[Data provided]:

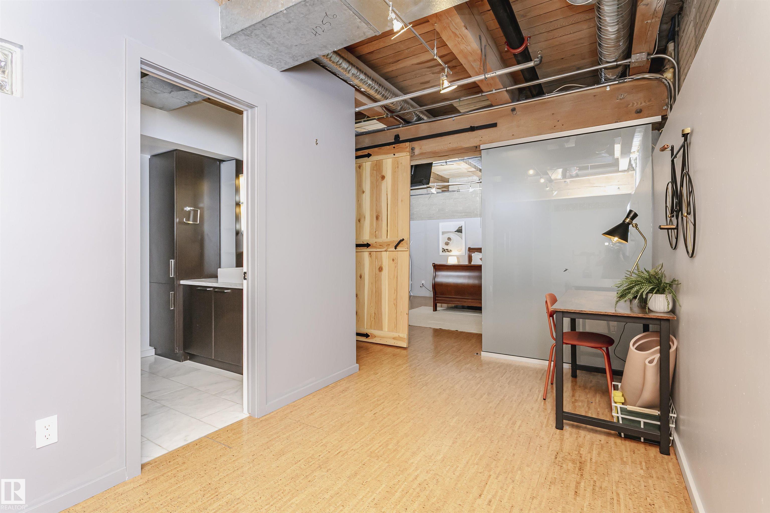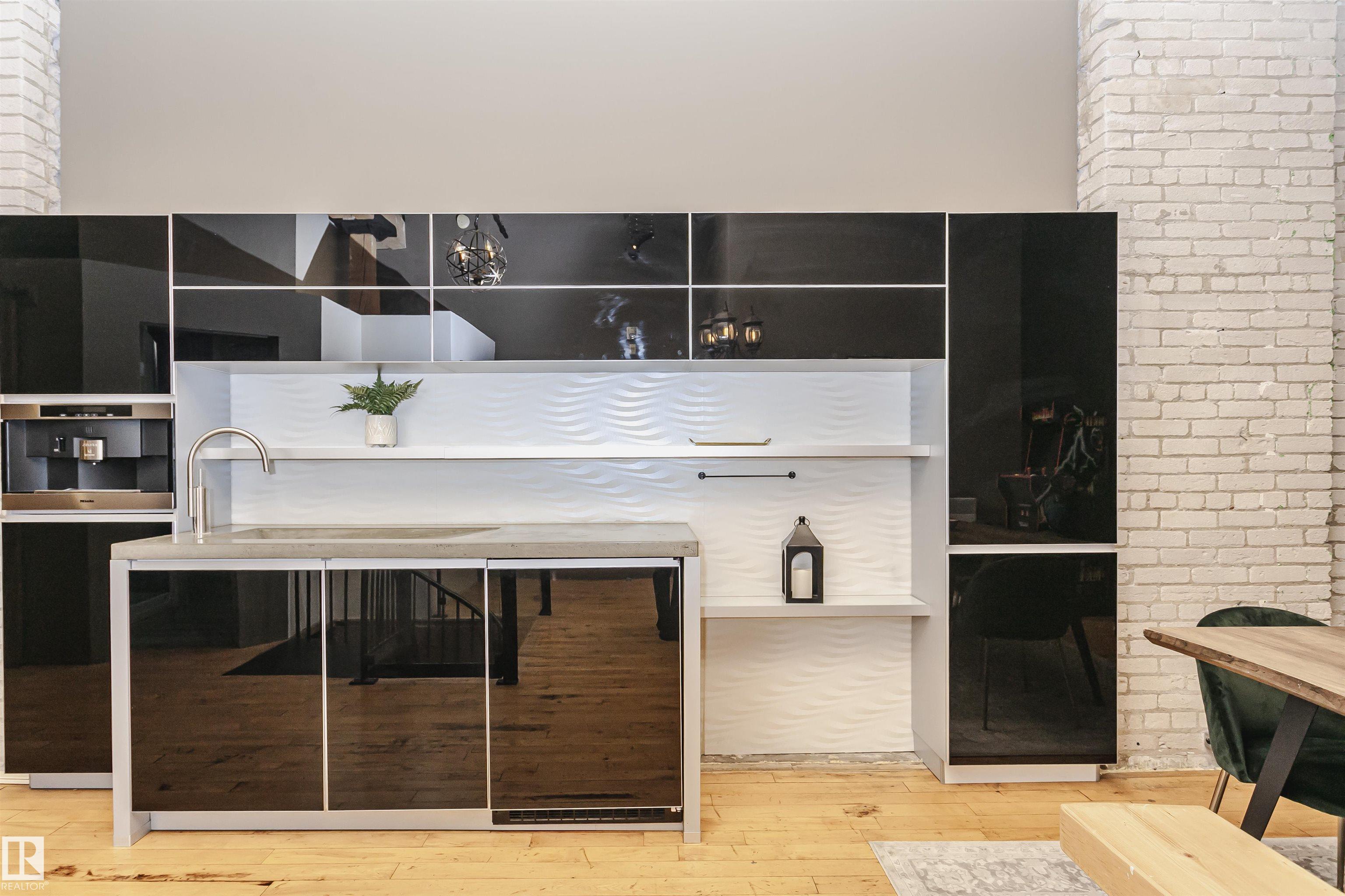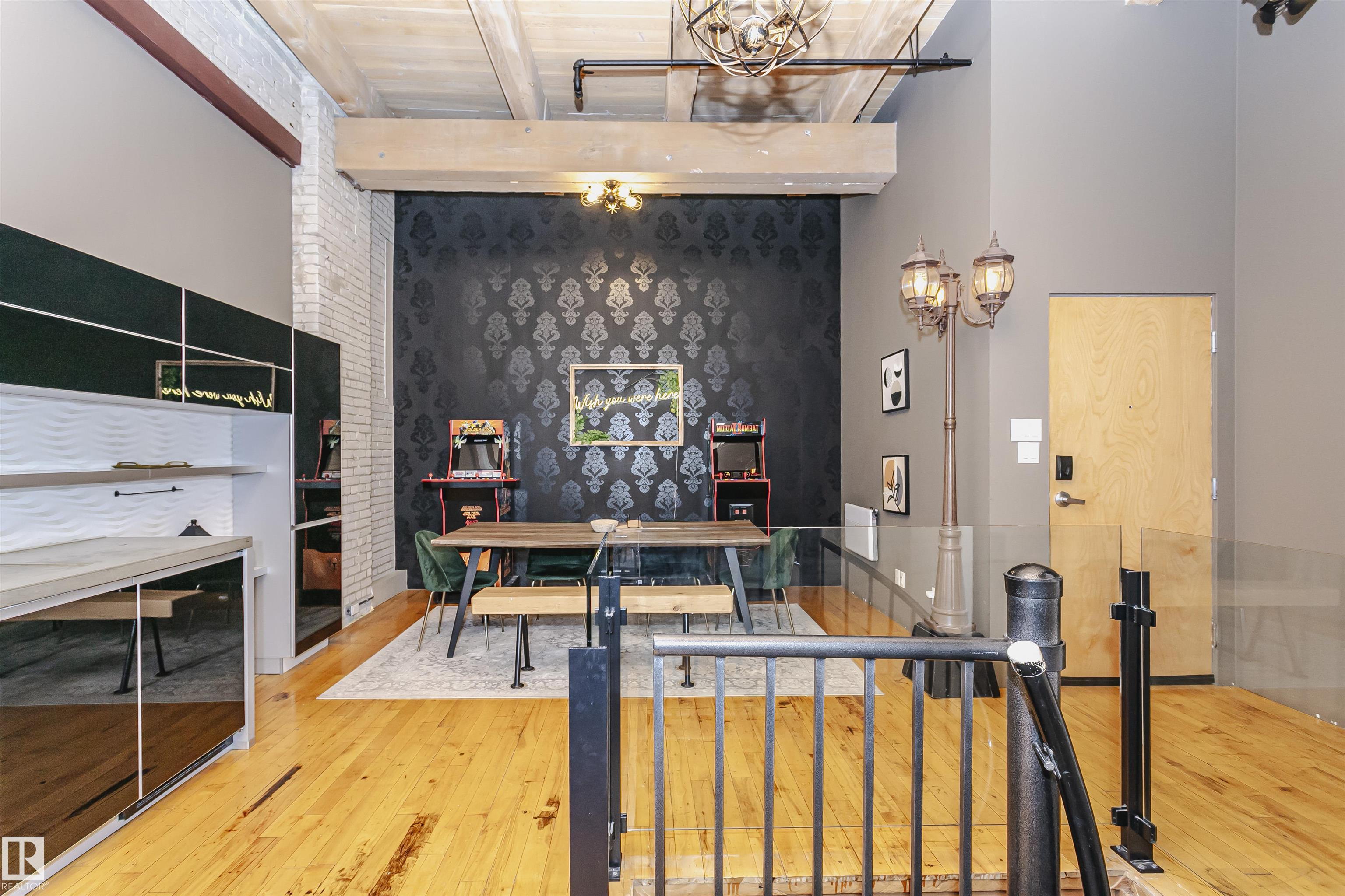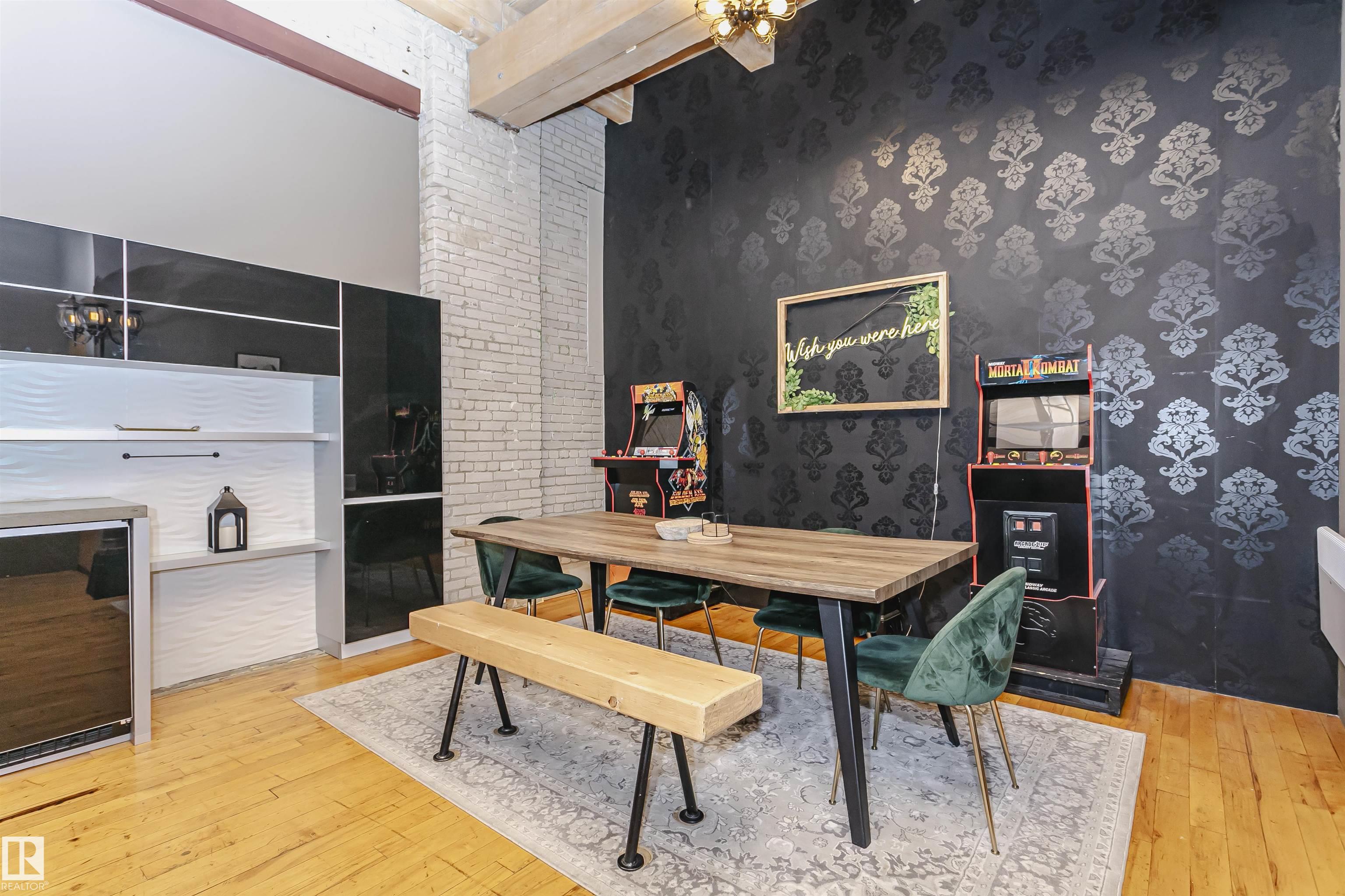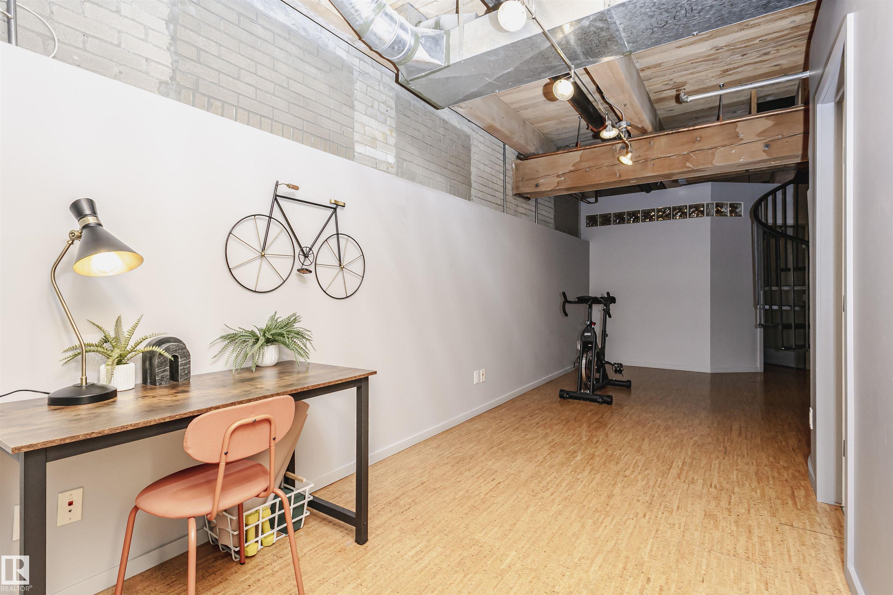 HERITAGE MEETS MODERN IN THE ICONIC JOHN DEERE SEVENTH STREET LOFTS! Discover a rare blend of Edmonton history and contemporary design in this stunning loft, set within the heritage side of the historic John Deere Building--one of Downtown's most recognizable architectural conversions. If you're craving something truly unique, this urban sanctuary delivers. Spanning 1,776 sq. ft. over two dramatically designed levels, this loft embraces its industrial roots with exposed brick, original concrete elements, 13-foot ceilings, and beautiful hardwood floors. The spacious open layout features 2 bedrooms, 2 full bathrooms, and in-suite laundry, all wrapped in authentic character you won't find in newer builds. The kitchen blends style with function, showcasing concrete countertops, modern cabinetry, and a layout perfect for entertaining. Enjoy the convenience and comfort of heated, secure underground parking--a must in downtown living. Located steps from Rogers Place, Ice District, and Farmers Market. WELCOME HOME.
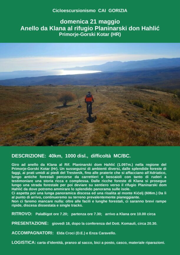 Viste le buone previsioni meteo, la gita di cicloescursionismo nel Gorski Kotar (HR) verrà recuperata domenica 21 maggio. Per ogni informazione sull’escursione (orari, difficoltà, dislivello, ecc.) consultare la sottostante locandina, oppure contattare il capogita Marino al n. 3280557250.
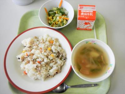 今日の主食はチキンピラフでした。
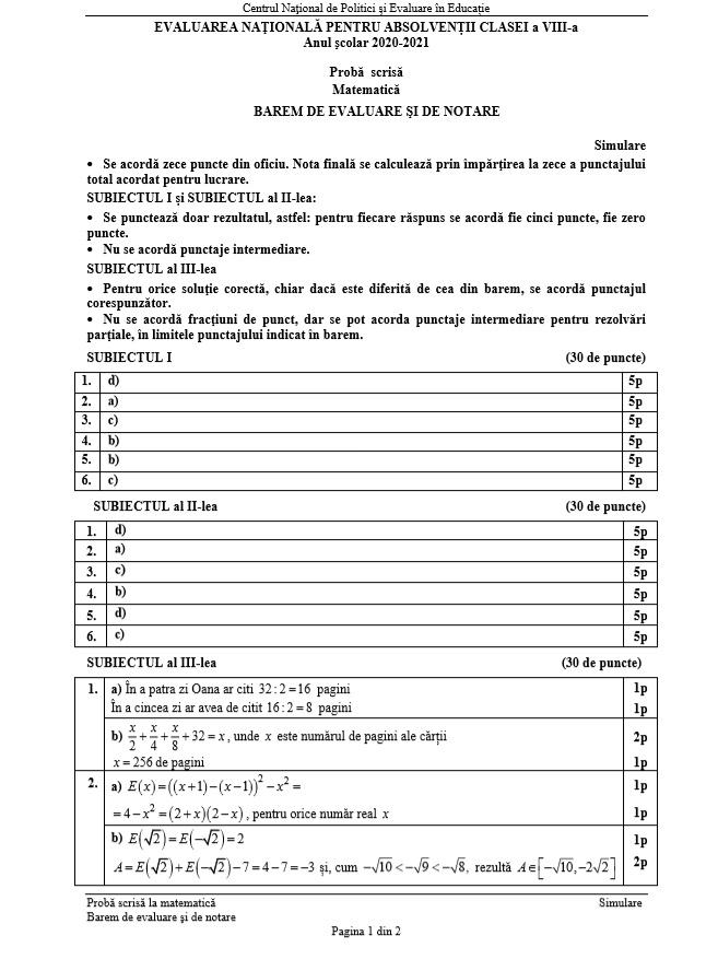 Barem Simulare Evaluare Nationala 2021 / Bareme Si Subiecte Simulare Evaluare NaÅ£ionalÄ 2018 Clasa A Viii A Proba De RomanÄ Publicate De Minister Alba24
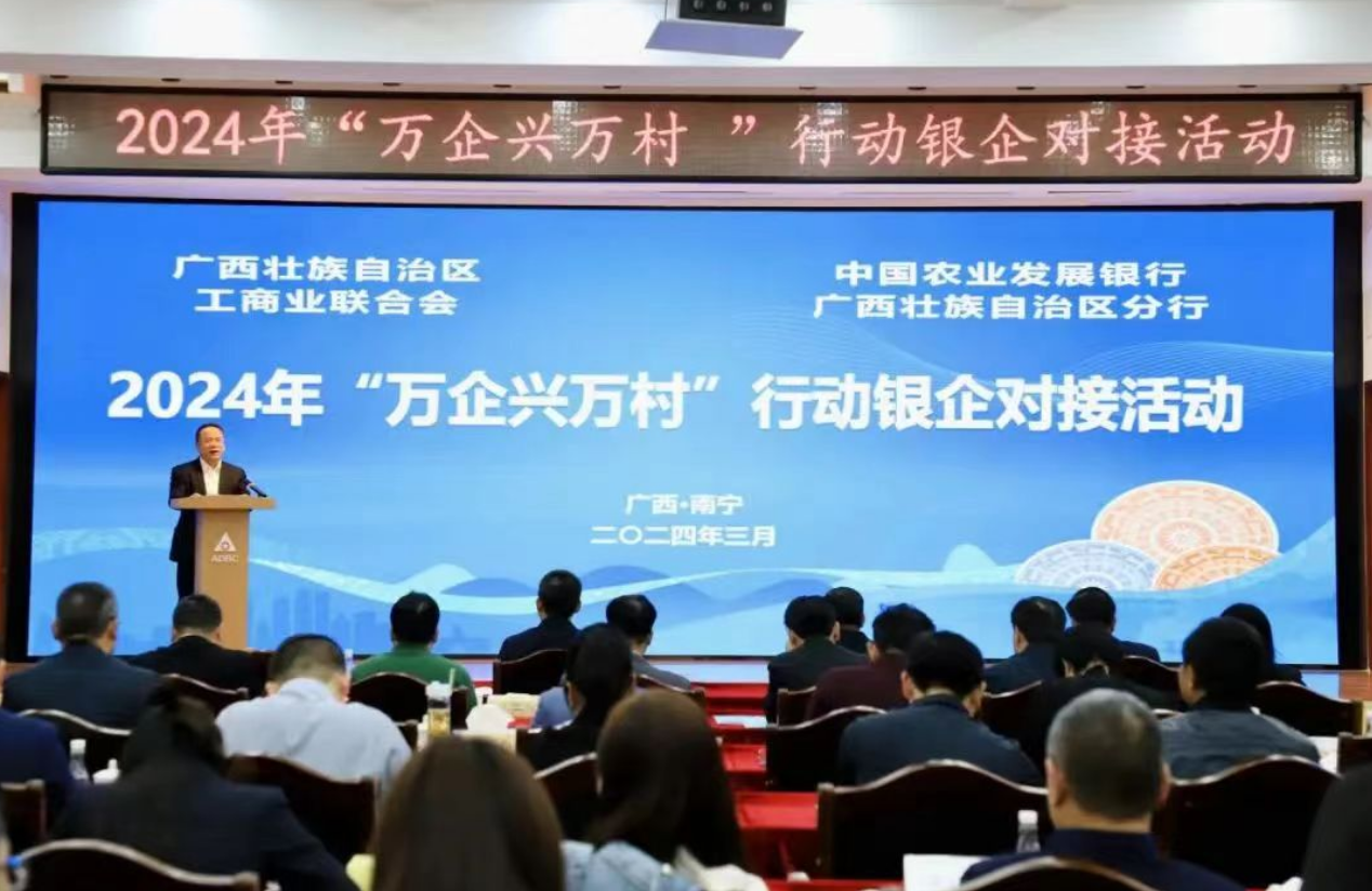 ▲廣西區(qū)分行與自治區(qū)工商聯(lián)舉辦“萬企興萬村”行動銀企對接活動
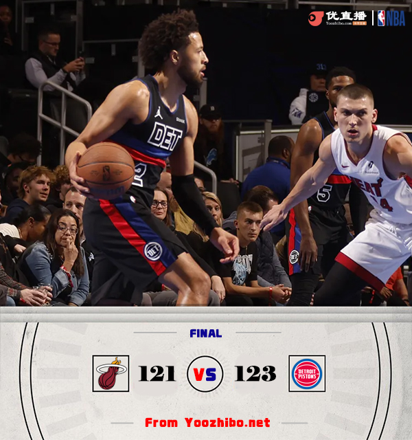 优直播11月13日讯 NBA东部NBA杯B组,活塞主场迎战热火,本场比赛巴特勒因伤缺阵。比赛开始,热火首发极其不在状态,活塞上来就打出10-0梦幻开局,随后热火替补开始追分,但约维奇意外受伤流血离场,哈里斯手感不错带领活塞能回应,首节活塞领先11分,次节活塞上来又是7-0拉大领先,随后热火外线多点开花连中4记三分一度反超比分,但康宁汉姆接连送妙传助队半场稳住6分领先。下半场,双方展开拉锯战,小哈达威又受伤流血离场,但康宁汉姆有攻有传,活塞接连三分命中还是领先到9分,末节双方围绕着10分左右分差再次展开拉锯战,最后时刻希罗接连3记三分直接将比赛拖入加时。加时赛,双方继续拉锯战,杜伦两罚不中后热火领先到3分,但比斯利三分再追平,希罗准绝杀后被杜伦空接暴扣扳平,热火没暂停但斯波进场喊暂停被吹T,最终热火加时121-123惜败活塞。
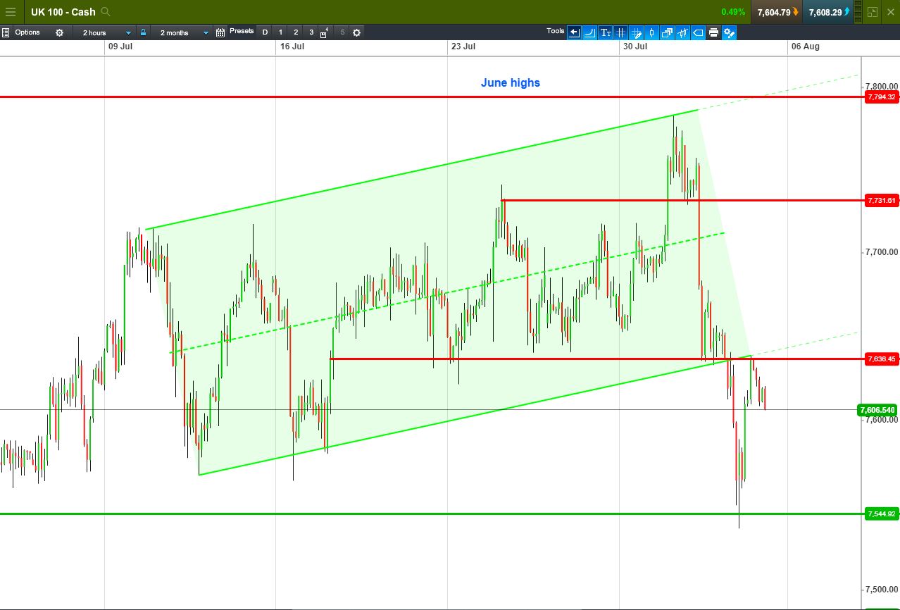 UK 100 Index called to open +30pts at 7605, holding yesterday’s rebound from 7535 lows but with 7640 turning resistance overnight after yesterday’s breach of recent support and the floor of a multi-week up-channel. Bulls need a break above 7640 to regain the channel. Bears require a breach of 7608 overnight lows to revisit yesterday’s lows. Watch levels: Bullish 7640, Bearish 7610

[Action item]:
Give again, exactly as written, the lines from the one with "今日の主食はチキンピラフでした。" through the last line of the entries above, but skip the pictures.

[Your solution]:
 今日の主食はチキンピラフでした。
 Barem Simulare Evaluare Nationala 2021 / Bareme Si Subiecte Simulare Evaluare NaÅ£ionalÄ 2018 Clasa A Viii A Proba De RomanÄ Publicate De Minister Alba24
 ▲廣西區(qū)分行與自治區(qū)工商聯(lián)舉辦“萬企興萬村”行動銀企對接活動
 优直播11月13日讯 NBA东部NBA杯B组,活塞主场迎战热火,本场比赛巴特勒因伤缺阵。比赛开始,热火首发极其不在状态,活塞上来就打出10-0梦幻开局,随后热火替补开始追分,但约维奇意外受伤流血离场,哈里斯手感不错带领活塞能回应,首节活塞领先11分,次节活塞上来又是7-0拉大领先,随后热火外线多点开花连中4记三分一度反超比分,但康宁汉姆接连送妙传助队半场稳住6分领先。下半场,双方展开拉锯战,小哈达威又受伤流血离场,但康宁汉姆有攻有传,活塞接连三分命中还是领先到9分,末节双方围绕着10分左右分差再次展开拉锯战,最后时刻希罗接连3记三分直接将比赛拖入加时。加时赛,双方继续拉锯战,杜伦两罚不中后热火领先到3分,但比斯利三分再追平,希罗准绝杀后被杜伦空接暴扣扳平,热火没暂停但斯波进场喊暂停被吹T,最终热火加时121-123惜败活塞。
 UK 100 Index called to open +30pts at 7605, holding yesterday’s rebound from 7535 lows but with 7640 turning resistance overnight after yesterday’s breach of recent support and the floor of a multi-week up-channel. Bulls need a break above 7640 to regain the channel. Bears require a breach of 7608 overnight lows to revisit yesterday’s lows. Watch levels: Bullish 7640, Bearish 7610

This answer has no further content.